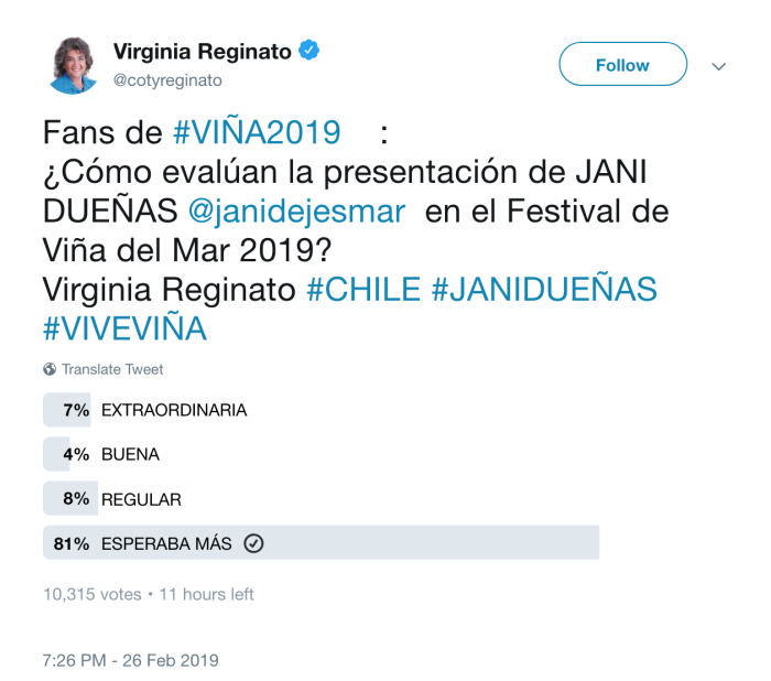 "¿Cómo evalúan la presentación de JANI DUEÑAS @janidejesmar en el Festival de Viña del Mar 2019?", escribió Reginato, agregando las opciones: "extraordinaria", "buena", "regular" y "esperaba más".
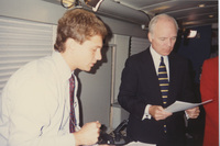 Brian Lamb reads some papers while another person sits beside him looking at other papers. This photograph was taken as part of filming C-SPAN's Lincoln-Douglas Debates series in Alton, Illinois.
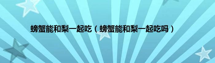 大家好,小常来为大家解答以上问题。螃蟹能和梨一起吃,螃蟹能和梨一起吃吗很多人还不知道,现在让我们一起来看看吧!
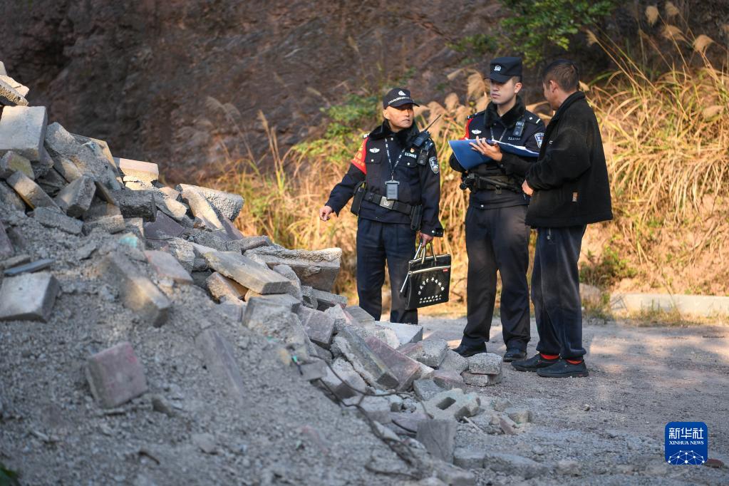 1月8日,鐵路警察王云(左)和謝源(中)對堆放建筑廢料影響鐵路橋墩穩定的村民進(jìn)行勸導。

--

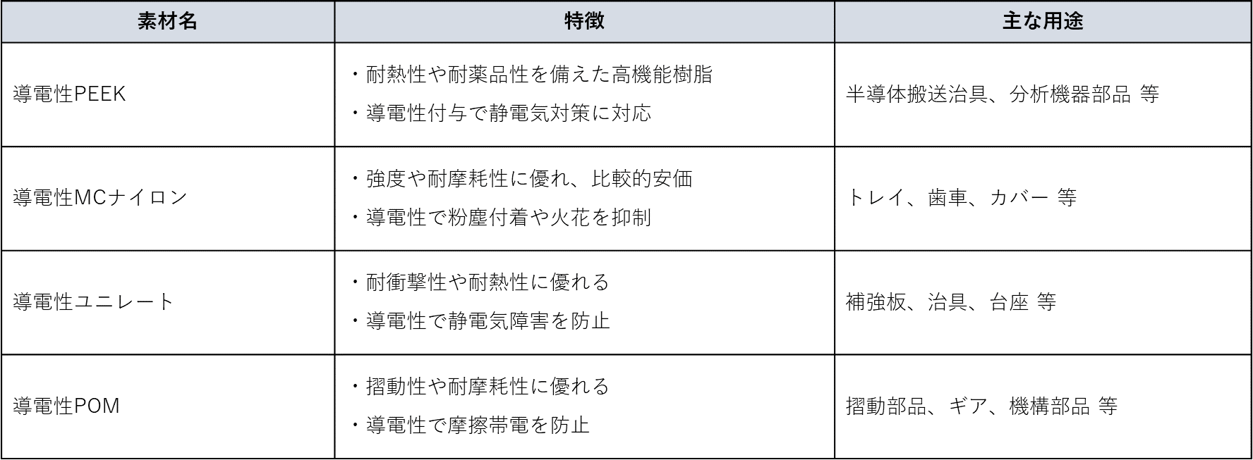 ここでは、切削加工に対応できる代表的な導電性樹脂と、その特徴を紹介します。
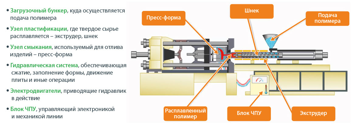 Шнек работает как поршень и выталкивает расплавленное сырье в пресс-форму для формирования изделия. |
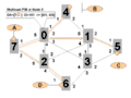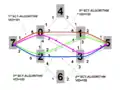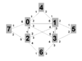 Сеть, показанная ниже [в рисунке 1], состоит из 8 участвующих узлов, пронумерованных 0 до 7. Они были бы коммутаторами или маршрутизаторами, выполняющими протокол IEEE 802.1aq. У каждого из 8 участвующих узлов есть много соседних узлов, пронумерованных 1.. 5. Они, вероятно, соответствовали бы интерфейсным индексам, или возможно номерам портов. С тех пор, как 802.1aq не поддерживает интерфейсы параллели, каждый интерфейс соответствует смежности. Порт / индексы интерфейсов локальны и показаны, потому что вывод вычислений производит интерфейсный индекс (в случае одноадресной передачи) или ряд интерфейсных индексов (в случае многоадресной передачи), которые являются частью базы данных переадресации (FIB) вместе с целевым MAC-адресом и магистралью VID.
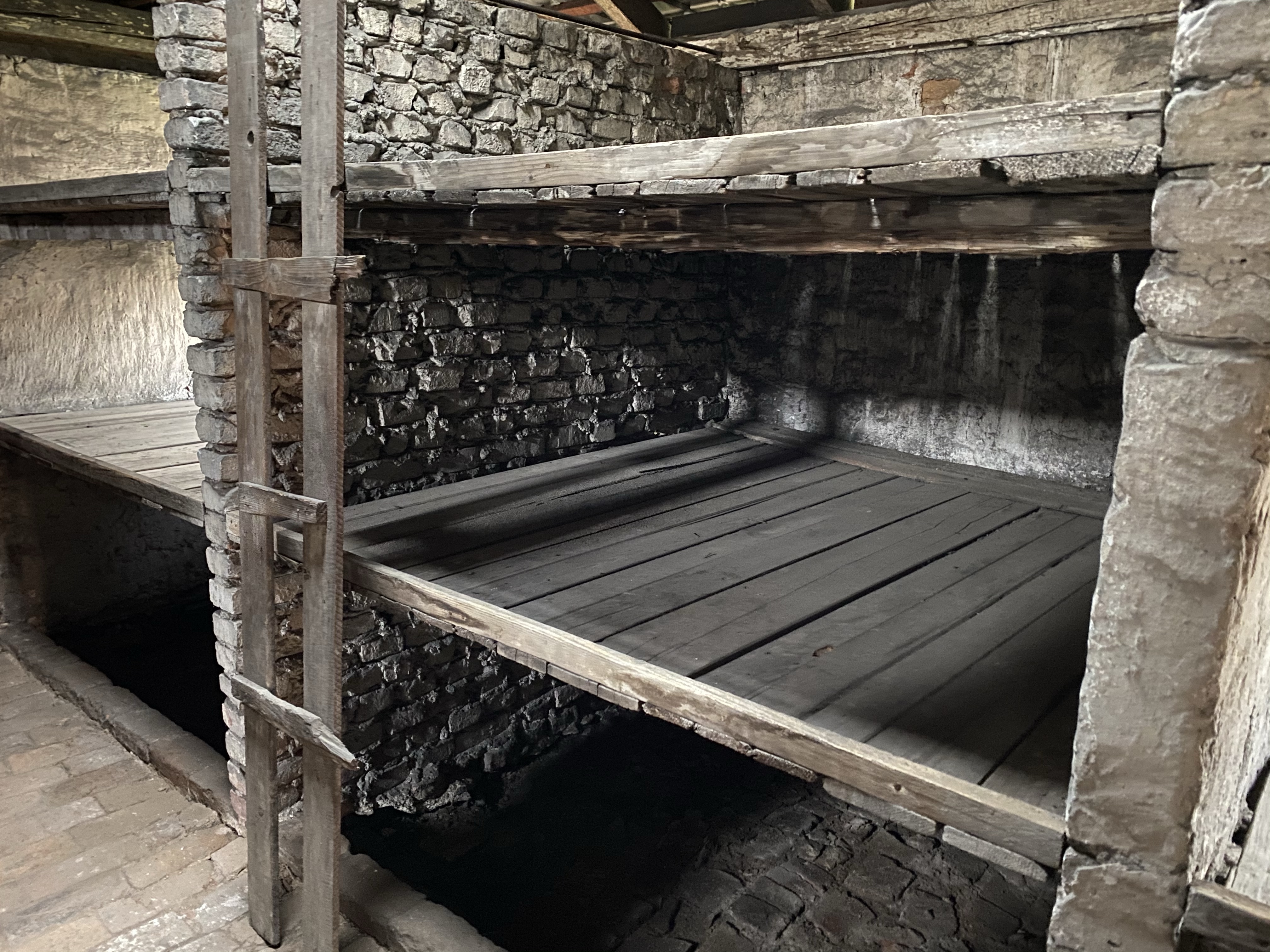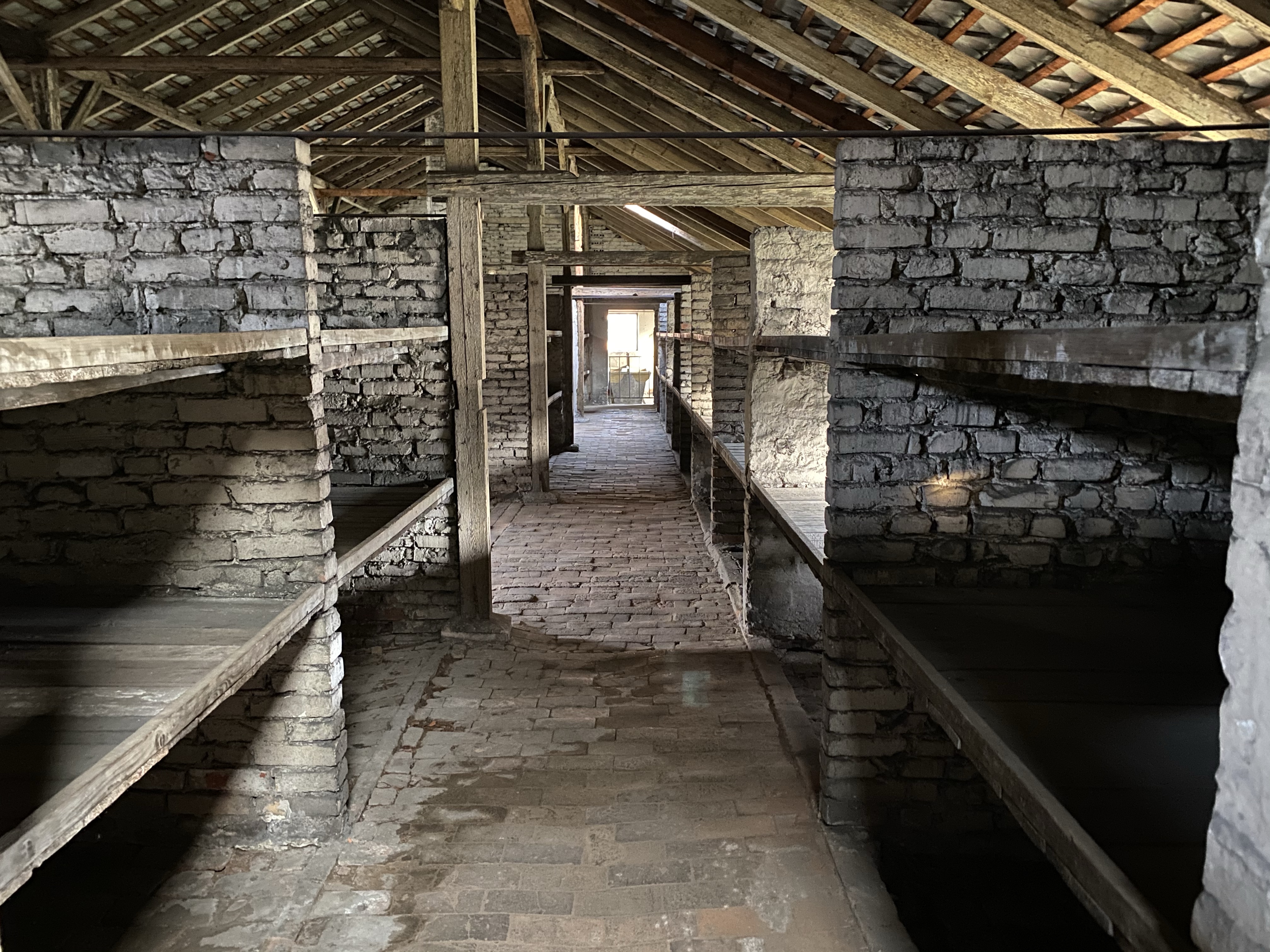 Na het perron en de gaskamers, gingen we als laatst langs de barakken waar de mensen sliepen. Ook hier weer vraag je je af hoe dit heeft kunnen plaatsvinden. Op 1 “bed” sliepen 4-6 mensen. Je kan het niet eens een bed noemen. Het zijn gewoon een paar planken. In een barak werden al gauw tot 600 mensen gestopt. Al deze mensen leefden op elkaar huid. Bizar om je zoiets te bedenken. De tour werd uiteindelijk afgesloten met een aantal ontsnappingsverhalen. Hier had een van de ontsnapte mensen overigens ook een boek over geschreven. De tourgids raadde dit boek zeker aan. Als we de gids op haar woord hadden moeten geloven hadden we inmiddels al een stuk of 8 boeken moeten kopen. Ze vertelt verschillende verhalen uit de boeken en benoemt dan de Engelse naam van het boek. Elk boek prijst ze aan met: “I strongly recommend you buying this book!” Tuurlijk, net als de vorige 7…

...

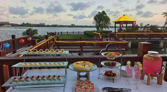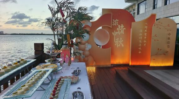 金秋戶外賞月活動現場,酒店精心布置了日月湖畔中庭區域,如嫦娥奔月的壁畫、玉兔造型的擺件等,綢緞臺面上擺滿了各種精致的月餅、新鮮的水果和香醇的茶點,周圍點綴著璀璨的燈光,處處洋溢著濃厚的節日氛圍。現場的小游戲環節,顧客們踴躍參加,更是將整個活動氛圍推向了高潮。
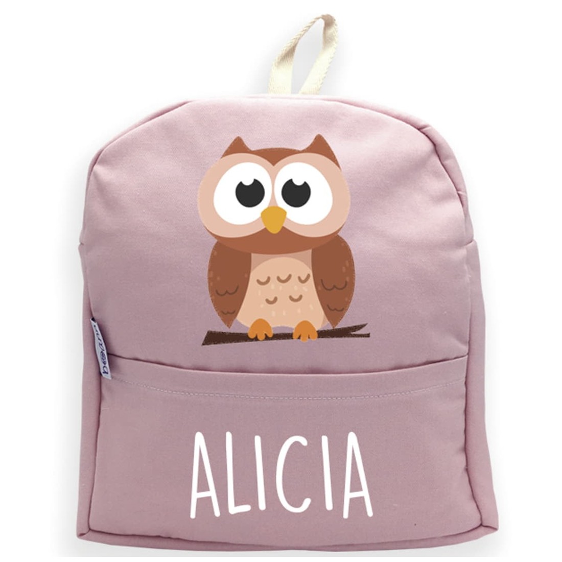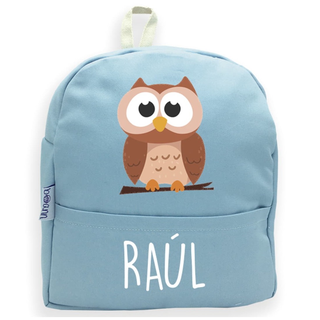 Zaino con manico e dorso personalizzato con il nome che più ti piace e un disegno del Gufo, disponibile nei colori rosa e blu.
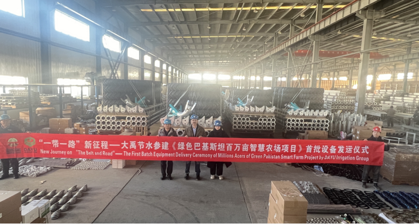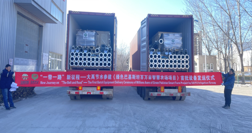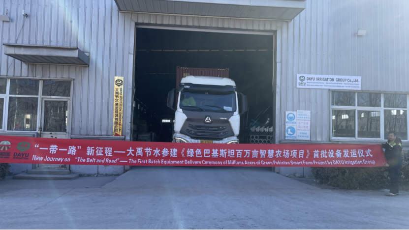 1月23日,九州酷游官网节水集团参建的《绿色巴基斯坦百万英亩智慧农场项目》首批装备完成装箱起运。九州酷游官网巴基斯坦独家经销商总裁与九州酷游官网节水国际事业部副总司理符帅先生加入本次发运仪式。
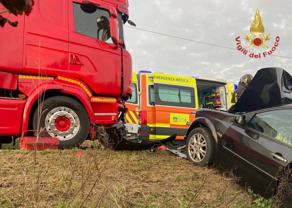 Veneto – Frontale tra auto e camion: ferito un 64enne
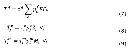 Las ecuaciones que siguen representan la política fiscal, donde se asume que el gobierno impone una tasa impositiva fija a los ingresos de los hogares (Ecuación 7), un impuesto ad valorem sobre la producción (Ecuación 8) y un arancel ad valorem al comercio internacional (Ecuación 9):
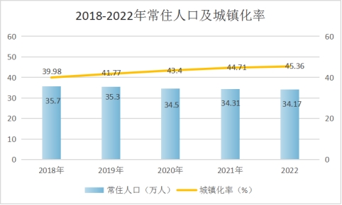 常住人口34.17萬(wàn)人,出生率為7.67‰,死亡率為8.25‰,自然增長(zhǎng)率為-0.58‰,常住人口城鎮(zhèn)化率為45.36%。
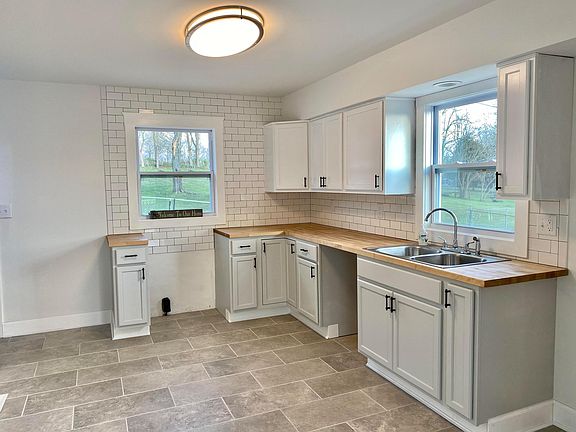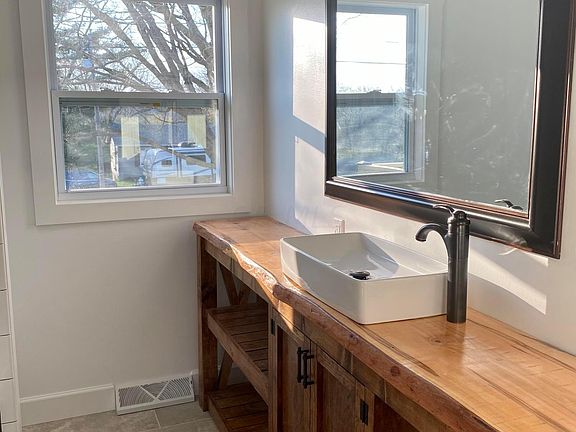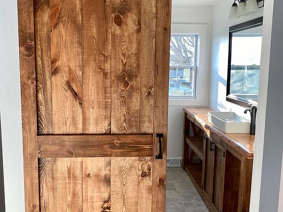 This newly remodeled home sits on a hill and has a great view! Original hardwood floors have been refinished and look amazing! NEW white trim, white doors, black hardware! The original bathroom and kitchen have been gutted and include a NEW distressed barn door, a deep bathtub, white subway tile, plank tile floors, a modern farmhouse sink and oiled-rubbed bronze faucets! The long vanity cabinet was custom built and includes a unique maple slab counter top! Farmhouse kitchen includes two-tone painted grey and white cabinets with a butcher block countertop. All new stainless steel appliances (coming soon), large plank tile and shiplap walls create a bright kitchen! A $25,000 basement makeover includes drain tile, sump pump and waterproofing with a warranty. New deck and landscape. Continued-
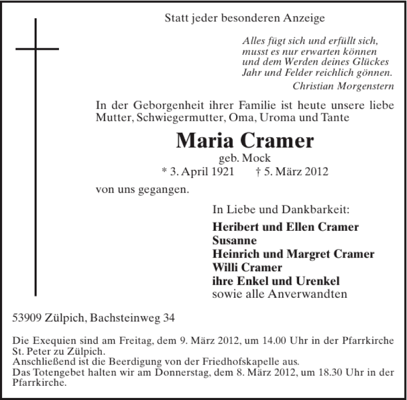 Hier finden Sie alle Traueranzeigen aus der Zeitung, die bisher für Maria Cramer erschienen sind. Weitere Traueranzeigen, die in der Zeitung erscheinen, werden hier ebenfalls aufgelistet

◆ Work to be completed: Print the line above containing "大家好,小常来为大家解答以上", the line containing "1月8日,鐵路警察王云(左)", and everything between them, exactly as written. Pictures stay out.

◆ Answer section:
 大家好,小常来为大家解答以上问题。螃蟹能和梨一起吃,螃蟹能和梨一起吃吗很多人还不知道,现在让我们一起来看看吧!
 1月8日,鐵路警察王云(左)和謝源(中)對堆放建筑廢料影響鐵路橋墩穩定的村民進(jìn)行勸導。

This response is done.